Locavores of Yore

We’ve been making our way around France and Italy, sampling the various regional cuisines. I get the importance of this – understanding how people ate when they only had what was available to them nearby (Italy is not entirely an olive oil nation), and how certain foods were preserved before refrigeration (prosciutto, pickles), etc. But I must say, even in the midst of Florence and Bologna, I am growing weary of all of this hearty peasant food. Today we made (times 3) tagliatelle bolognese, roast pork loin, whole breaded fish wrapped in prosciutto, stewed baby artichokes with peas, marinated mushrooms, and tuscan bean soup. We actually left out a recipe for a frittata, because that would have been “too much.” These cuisines were designed for hard, field-working cultures, and perhaps not intended to be prepared and consumed en masse at 11am by a bunch of snotty urbanites. 🙂 I am truly missing the “advanced culinary preprations” and plating excercises we did at the beginning of this module with all of its microgreens, pureed sauces, and citrus vinaigrettes. Not that I prefer prissy food to comfort food, but I’d really like to get back to a middle ground. (We will, but not until we detour through pastry first.) I’m sure an in-depth understanding of how the way that we eat came to be will make me a better chef, but sheesh. When class is over all I want is a friggin fruit smoothie.
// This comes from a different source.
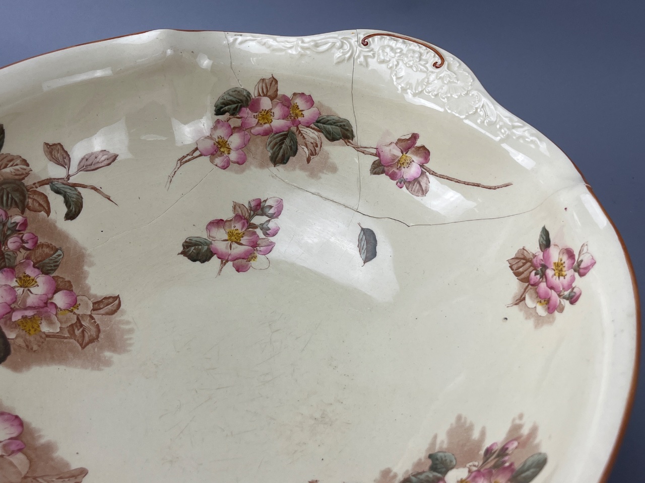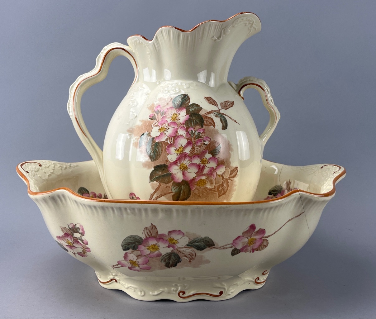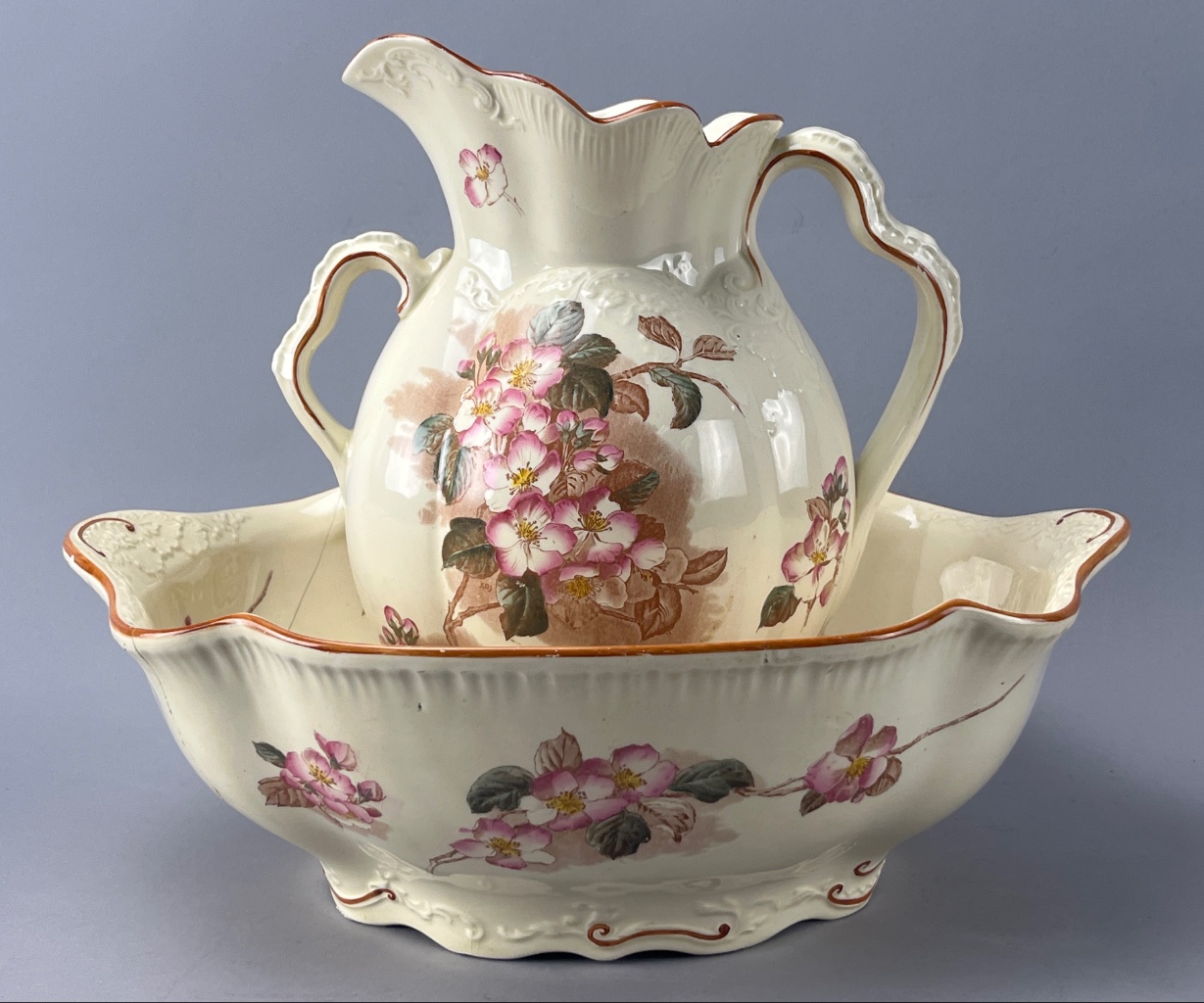 Ceramic Ewer and Basin Set with Floral Decoration

I can’t imagine I am getting a lot of sympathy here, especially given the fact that my ongoing Barbecue-Slinging Personal Training is still causing weight loss in spite of having had Beef Bourguignon for breakfast.

Central Italian Feast: please pass the microgreens

Shout out to the Duncans in Houston, TX! Brian is obviously a good guy about whom the MTA police should not be concerned.